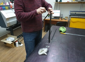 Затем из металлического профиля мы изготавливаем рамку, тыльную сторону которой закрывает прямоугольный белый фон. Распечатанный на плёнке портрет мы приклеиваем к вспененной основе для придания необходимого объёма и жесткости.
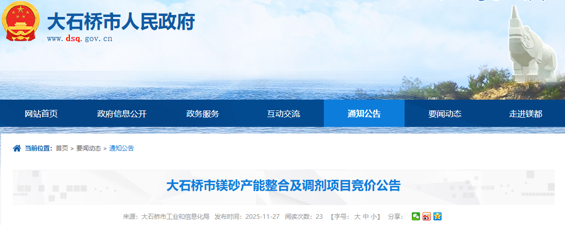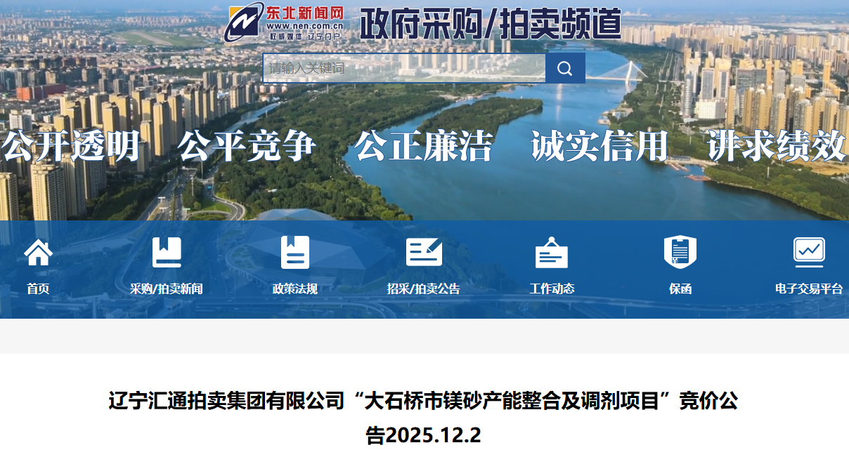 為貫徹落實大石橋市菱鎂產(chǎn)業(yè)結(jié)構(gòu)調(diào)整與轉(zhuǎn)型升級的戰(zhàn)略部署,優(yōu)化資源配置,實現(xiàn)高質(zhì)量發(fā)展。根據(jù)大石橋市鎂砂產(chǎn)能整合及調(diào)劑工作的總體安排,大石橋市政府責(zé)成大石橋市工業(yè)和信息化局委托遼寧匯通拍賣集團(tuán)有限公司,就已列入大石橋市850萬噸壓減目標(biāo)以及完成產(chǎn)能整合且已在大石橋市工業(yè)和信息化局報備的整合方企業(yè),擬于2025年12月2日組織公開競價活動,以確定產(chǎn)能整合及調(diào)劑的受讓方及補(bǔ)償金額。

---

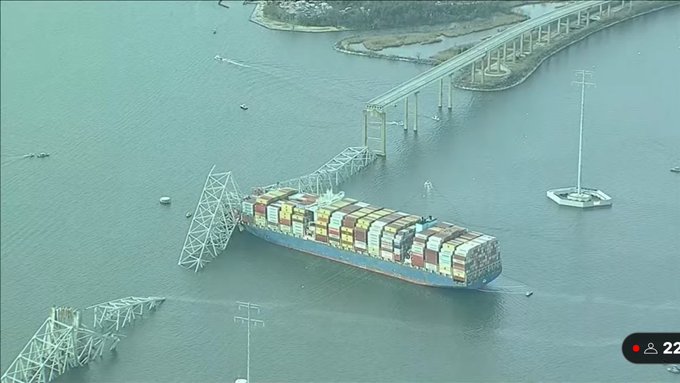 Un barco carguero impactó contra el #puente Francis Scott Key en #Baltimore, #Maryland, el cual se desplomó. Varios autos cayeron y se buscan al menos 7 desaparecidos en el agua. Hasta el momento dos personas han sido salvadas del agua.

...

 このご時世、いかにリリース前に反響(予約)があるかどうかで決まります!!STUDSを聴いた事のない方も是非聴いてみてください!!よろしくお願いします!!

**Task item:** Give again the stretch of the entries above that begins at the line with "Затем из металлического" and ends at the line with "為貫徹落實大石橋市菱鎂產(c", word for word, with no pictures.

**Result for this task:**
 Затем из металлического профиля мы изготавливаем рамку, тыльную сторону которой закрывает прямоугольный белый фон. Распечатанный на плёнке портрет мы приклеиваем к вспененной основе для придания необходимого объёма и жесткости.
 為貫徹落實大石橋市菱鎂產(chǎn)業(yè)結(jié)構(gòu)調(diào)整與轉(zhuǎn)型升級的戰(zhàn)略部署,優(yōu)化資源配置,實現(xiàn)高質(zhì)量發(fā)展。根據(jù)大石橋市鎂砂產(chǎn)能整合及調(diào)劑工作的總體安排,大石橋市政府責(zé)成大石橋市工業(yè)和信息化局委托遼寧匯通拍賣集團(tuán)有限公司,就已列入大石橋市850萬噸壓減目標(biāo)以及完成產(chǎn)能整合且已在大石橋市工業(yè)和信息化局報備的整合方企業(yè),擬于2025年12月2日組織公開競價活動,以確定產(chǎn)能整合及調(diào)劑的受讓方及補(bǔ)償金額。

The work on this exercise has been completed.